So, I use namely special structures hfsplus_journal_info_block and
hfsplus_journal_header for accessing to journal and replaying of it.

As far as I can see, the Netgear's code has many issues:
(1) It doesn't work for the case of 8KB - 64KB block size;
(2) I suspect that it implements journal wrapping incorrectly;
(3) It doesn't take into account that block list can be placed in
several file system blocks;
(4) It doesn't check validity of transaction sequence numbers, blocks'
checksums and so on.

> I'll try to spend some time reading your patches and maybe even try them out. Will write again. 

If you have opportunity for testing journal replay patch set then it
will be great. I have tested this implementation on different volume's
states that it was created under Mac OS X "Tiger" and "Snow Leopard".
And it is necessary testing for volumes that it is created under Mac OS
X "Lion". I don't expect that it will some troubles with journal
replaying for the case of HFS+ volumes are created under "Lion". But,
anyway, independent testing is good idea always.

Thanks,
Vyacheslav Dubeyko.

^ permalink raw reply	[flat|nested] 5+ messages in thread

* Re: [PATCH 00/14] hfsplus: introduce journal replay functionality
@ 2014-01-19  1:50 Hin-Tak Leung
  2014-01-20  7:54 ` Vyacheslav Dubeyko
  0 siblings, 1 reply; 5+ messages in thread
From: Hin-Tak Leung @ 2014-01-19  1:50 UTC (permalink / raw)
  To: slava; +Cc: Andrew Morton, Linux FS devel list

------------------------------
On Thu, Jan 9, 2014 06:12 GMT Vyacheslav Dubeyko wrote:

>Hi Hin-Tak,
>
>On Thu, 2013-12-26 at 14:26 -0800, Andrew Morton wrote:
>> On Thu, 26 Dec 2013 15:57:45 +0000 (GMT) Hin-Tak Leung <htl10@users.sourceforge.net> wrote:
>> 
>> > It is quite a co-incidence - I have also spent some hours in the last few days rebasing the netgear derived patch set bit-rotting in my hard disk. I have a quick diff and it seems that you have drawn some ideas but yours is largely an independent effort. Anyway, here are a few things from where I am. 
>> > 
>> > - It appears that you don't treat the special files (catalog, etc) special? netgear's does; but i think there is a mistake in that they don't consider them ever getting fragmented, so they were not journaling those files properly. 
>> > 
>> > - I am still nowhere near figuring out what's the issue with just runing du on one funny volume i have. The driver gets confused after a few du's but the disk always fsck clean. 
>> > 
>> > - I see I still have one out-standing patch not yet submitted - the one about folder counts on case-sensitive volumes. 
>> > 
>> > I'll try to spend some time reading your patches and maybe even try them out. Will write again. 
>> 
>> Thanks, useful!
>> 
>> Vyacheslav, I'll duck the patchset pending Hin-Tak's review.  Please
>> cc me on the later resend.
>
>How do you feel about the patchset? What opinion do you have? Could you
>share your opinion about patchset?

Tested-by: Hin-Tak Leung <htl10@users.sourceforge.net>

I have given the patch set a bit of light usage, and it fsck'ed clean afterwards.
So that's the minimum it should do.I also see that you have spent substantial
amount of effort in verifying and checking the validity and sanity of the journal
itself (which Netgear certainly didn't do). And thanks for the good work! That part
at least is very desirable and overdue and should land in the kernel soon.

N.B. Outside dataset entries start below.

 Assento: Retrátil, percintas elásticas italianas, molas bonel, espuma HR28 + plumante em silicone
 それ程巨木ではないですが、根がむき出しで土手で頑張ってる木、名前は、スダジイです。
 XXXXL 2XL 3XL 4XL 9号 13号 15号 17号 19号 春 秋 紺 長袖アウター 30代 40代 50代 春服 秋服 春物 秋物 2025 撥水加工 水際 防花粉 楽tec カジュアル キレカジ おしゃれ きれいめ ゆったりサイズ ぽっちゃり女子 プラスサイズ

About documentation and the new "norecovery" option. Should "norecovery"
imply read-only (and also state clearly so)? The meaning of the "force" option
also needs some updating - if we play back journal, then unclean journalled
volumes would be mounted read-write after verify/validating and journal playback,
correct? I see there is a need for "norecovery" in addition to "read-only" (in the typical
convention elsewhere, the latter will occasionally write to a journalled fs,
in the case of journal playback - so "norecovery" is "really no write, not
a single byte, I mean it, don't even playback journal"), but I think norecovery
should imply read-only, unless in combination with "force"?

A somewhat minor thing - I see a few instances of
'pr_err("journal replay is failed\n");' - the "is" isn't needed. Just English usage.

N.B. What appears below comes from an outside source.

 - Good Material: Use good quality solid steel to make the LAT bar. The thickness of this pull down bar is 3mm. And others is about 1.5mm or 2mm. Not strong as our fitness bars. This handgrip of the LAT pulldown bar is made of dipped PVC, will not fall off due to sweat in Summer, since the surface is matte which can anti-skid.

Now it still worries me that whichever way we implements journalling in the linux
kernel, it may be correct according to spec, but doesn't inter-op with
Apple's. This is especially relevant since a substantial portion of users
who wants hfs+ journalling in their linux kernel is because they have an
intel Mac and they are dual-booting. Now we have 3 implementations - apple's,
this, and Netgear's. Even if we discount Netgear's, while each of them 
will create a journal during its normal mode of operation, will playback a journal
of its own creation, we really need to test the case of playback of journals
made by the Mac OS X darwin kernel... because I can think of this happening:
somebody has a dual-boot machine, you pull the plug while it is in Mac OS X,
and the boot-loader is configured to go into linux by default after a short time-out
(or vice versa).

So again, I must thank you for spending the effort on verifying and validating the
journal entries.

On separate/somewhat unrelated matters, I came across this bug report in
the recent activities:

https://bugs.launchpad.net/ubuntu/+source/hfsprogs/+bug/680606

I think we addressed both of the 2nd and 3rd entries:
   errors ("Invalid volume file count", "Invalid volume free block count")
   error ("Unused node is not erased")

The first entry looks suspiciously like the problem which I have/had:
   (restore a large directory from time-machine)
   Invoke "rm -r" targeting the directory
   - segfault occurs
   - Various applications freeze, and it's impossible to cleanly shut down
   - OS X Disk Utility reports that the disk can't be repaired

So the disk I manually edited and fixed, still can get the kernel confused (i.e
the kernel just get confused, if one unmount and reboot, the disk is fsck-clean still),
just by repeatedly running "du". I found that I need to put the system under
some memory stress: I can run "du" for a dozen of times on an idle system
freshly rebooted, but as soon as I have google-chrome running with a few browser
windows opening (or mozilla/firefox). The kernel driver can get confused if one transverse
the file system quickly (with a du, or in the above case, with an r"m -rf large directory"),
especially the system is relatively loaded.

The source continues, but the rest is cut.